### Material to process ###
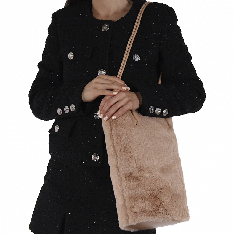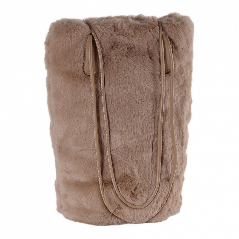 Сумка выполнена из меха. Данная модель открытая. Каркас мягкий. Носится на плече или в руке. Встроенные удлиненные ручки.
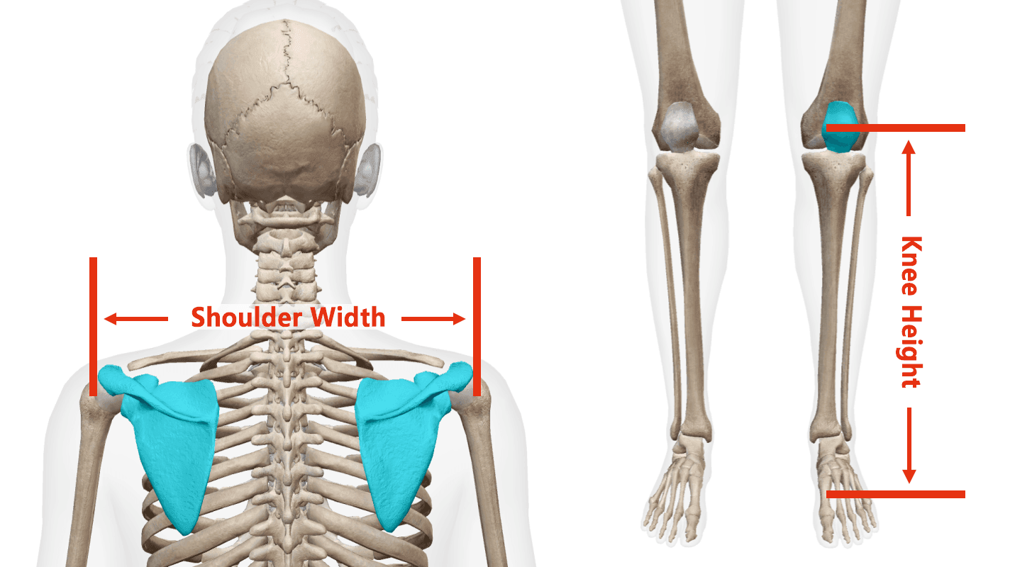 Knee height (standing) is the vertical distance from the ground to the kneecap's midpoint when barefoot.
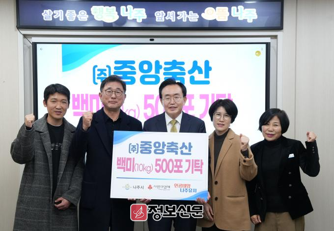 나주시(시장 윤병태)는 지난 20일 ㈜중앙축산(대표 신동규)이 10kg 백미 500포를 기탁했다고 21일 밝혔다.
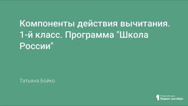Урок открытия нового знания знакомит с названиями компонентов при вычитании; способствует развитию математической речи, умению читать, составлять и записывать выражения, используя термины «уменьшаемое, вычитаемое, разность», умению выполнять устно и письменно арифметические действия с числами и числовыми выражениями. На уроке воспитывается культура поведения при фронтальной, групповой и самостоятельной работе.
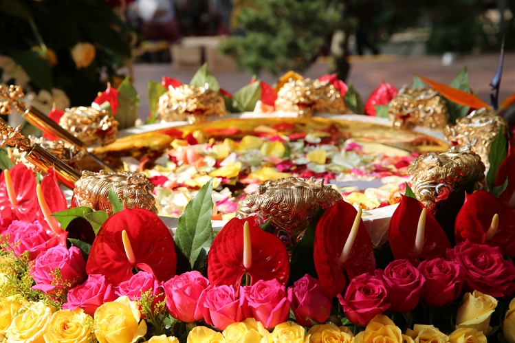香花迎,香花请,僧众焚香,童子撒花,上传下喜法师恭迎太子佛。
###
Task details -
Please print everything in the material exactly, apart from the pictures.

Result of this exercise -
 Сумка выполнена из меха. Данная модель открытая. Каркас мягкий. Носится на плече или в руке. Встроенные удлиненные ручки.
 Knee height (standing) is the vertical distance from the ground to the kneecap's midpoint when barefoot.
 나주시(시장 윤병태)는 지난 20일 ㈜중앙축산(대표 신동규)이 10kg 백미 500포를 기탁했다고 21일 밝혔다.
Урок открытия нового знания знакомит с названиями компонентов при вычитании; способствует развитию математической речи, умению читать, составлять и записывать выражения, используя термины «уменьшаемое, вычитаемое, разность», умению выполнять устно и письменно арифметические действия с числами и числовыми выражениями. На уроке воспитывается культура поведения при фронтальной, групповой и самостоятельной работе.
香花迎,香花请,僧众焚香,童子撒花,上传下喜法师恭迎太子佛。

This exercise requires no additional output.